Caro has an amazingly concise, illuminating and entertaining history of the senate in the first section of "Master of the Senate". A primary suspect in the institution's less than stellar performance in the first decades ofthe 20th century was the seniority system:
Democrat Carter Glass had ascended to the Chairmanship of the Appropriations Committee in 1932, when he was seventy-four. During the 1940s, Glass was very ill - had been very ill for years, sequestered in a suite of the Mayflower Hotel that always had a guard at the door. He had not even appeared on Capital Hill since 1942. By 1945, there were even suggestions that perhaps Glass, then eighty-seven, should resign. But, as Drury reported, "from the guarded suite...through whose doors no outsider has passed in many months to see whhat lies within, has come the usual answer. Mrs. Glass has replied for the Senator. The suggestion will not be considered." In Glass' temporary absence, the seventy-seven-year-old McKellar presided over Appropriations. "In his day", Allen Drury wrote, "Old Mack from Tennessee had been the most powerful and the most ruthless man in the senate", but that day was drawing to a close. More and more frequently during the 1940s, after he had been presiding over a committee meeting for hours, he would pound the gavel to signal the session to begin. (McKellar was sensitive about his age. Once he was politely asked in a Senate corridor, "How are you today, Senator?" As Russell Baker relates, "In reply, the old man, interpreting the words as a reflection on his failing health, raised his cane, thwacked it angrily against the fellow's collarbone, and passed on without a word."
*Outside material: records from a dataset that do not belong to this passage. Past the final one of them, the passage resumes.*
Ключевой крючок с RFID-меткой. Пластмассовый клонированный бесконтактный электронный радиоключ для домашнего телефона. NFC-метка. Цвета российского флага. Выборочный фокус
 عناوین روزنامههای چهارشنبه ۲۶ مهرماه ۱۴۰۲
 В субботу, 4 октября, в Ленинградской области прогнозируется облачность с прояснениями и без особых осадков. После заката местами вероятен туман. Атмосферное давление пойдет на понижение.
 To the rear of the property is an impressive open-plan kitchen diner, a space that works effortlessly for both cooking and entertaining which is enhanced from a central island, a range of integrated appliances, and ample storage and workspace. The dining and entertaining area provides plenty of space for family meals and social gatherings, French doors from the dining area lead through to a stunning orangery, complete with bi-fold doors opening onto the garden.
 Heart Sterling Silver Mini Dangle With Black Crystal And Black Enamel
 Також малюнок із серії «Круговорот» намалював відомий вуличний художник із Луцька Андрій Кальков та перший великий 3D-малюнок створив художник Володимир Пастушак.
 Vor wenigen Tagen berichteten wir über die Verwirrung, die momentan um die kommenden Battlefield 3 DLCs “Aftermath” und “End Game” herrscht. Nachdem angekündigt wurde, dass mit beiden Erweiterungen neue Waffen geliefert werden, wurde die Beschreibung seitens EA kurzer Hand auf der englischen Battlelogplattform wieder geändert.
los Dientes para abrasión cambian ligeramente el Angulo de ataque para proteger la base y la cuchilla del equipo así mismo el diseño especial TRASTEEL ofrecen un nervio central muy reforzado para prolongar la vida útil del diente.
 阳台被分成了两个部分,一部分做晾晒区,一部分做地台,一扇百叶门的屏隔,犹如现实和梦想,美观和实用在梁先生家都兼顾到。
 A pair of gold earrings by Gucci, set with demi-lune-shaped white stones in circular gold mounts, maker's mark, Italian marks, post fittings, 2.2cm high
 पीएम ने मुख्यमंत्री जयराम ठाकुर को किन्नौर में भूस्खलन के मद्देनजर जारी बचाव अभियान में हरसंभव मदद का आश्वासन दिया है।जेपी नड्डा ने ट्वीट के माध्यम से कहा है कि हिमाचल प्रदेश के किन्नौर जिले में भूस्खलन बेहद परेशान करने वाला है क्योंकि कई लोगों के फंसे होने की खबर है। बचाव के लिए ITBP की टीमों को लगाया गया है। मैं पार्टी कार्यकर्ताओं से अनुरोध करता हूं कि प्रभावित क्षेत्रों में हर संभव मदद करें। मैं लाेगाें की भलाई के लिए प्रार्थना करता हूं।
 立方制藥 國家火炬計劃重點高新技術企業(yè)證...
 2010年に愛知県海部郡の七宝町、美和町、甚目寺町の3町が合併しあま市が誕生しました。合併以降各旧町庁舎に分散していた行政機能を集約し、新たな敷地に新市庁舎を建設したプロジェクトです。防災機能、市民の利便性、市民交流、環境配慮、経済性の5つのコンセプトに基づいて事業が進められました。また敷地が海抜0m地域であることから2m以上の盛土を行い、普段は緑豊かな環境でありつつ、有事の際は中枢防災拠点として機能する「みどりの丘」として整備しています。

The indispensible Wikipedia adds the following connection:
In 1952 McKellar stood for a seventh term, despite being by then quite elderly (age 83). He was opposed for renomination by Middle Tennessee Congressman Albert Gore. McKellar's reelection slogan was "Thinking Feller? Vote McKellar.", which Gore countered with "Think Some More – Vote for Gore." Gore defeated McKellar for the Democratic nomination in August in what was widely regarded as something of an upset.
I haven't read the meat of the book yet, but I have a feeling this crotchety old men's club is about to get shakin' and stirred by a certain young dynamo that you really can't help but feel drawn to.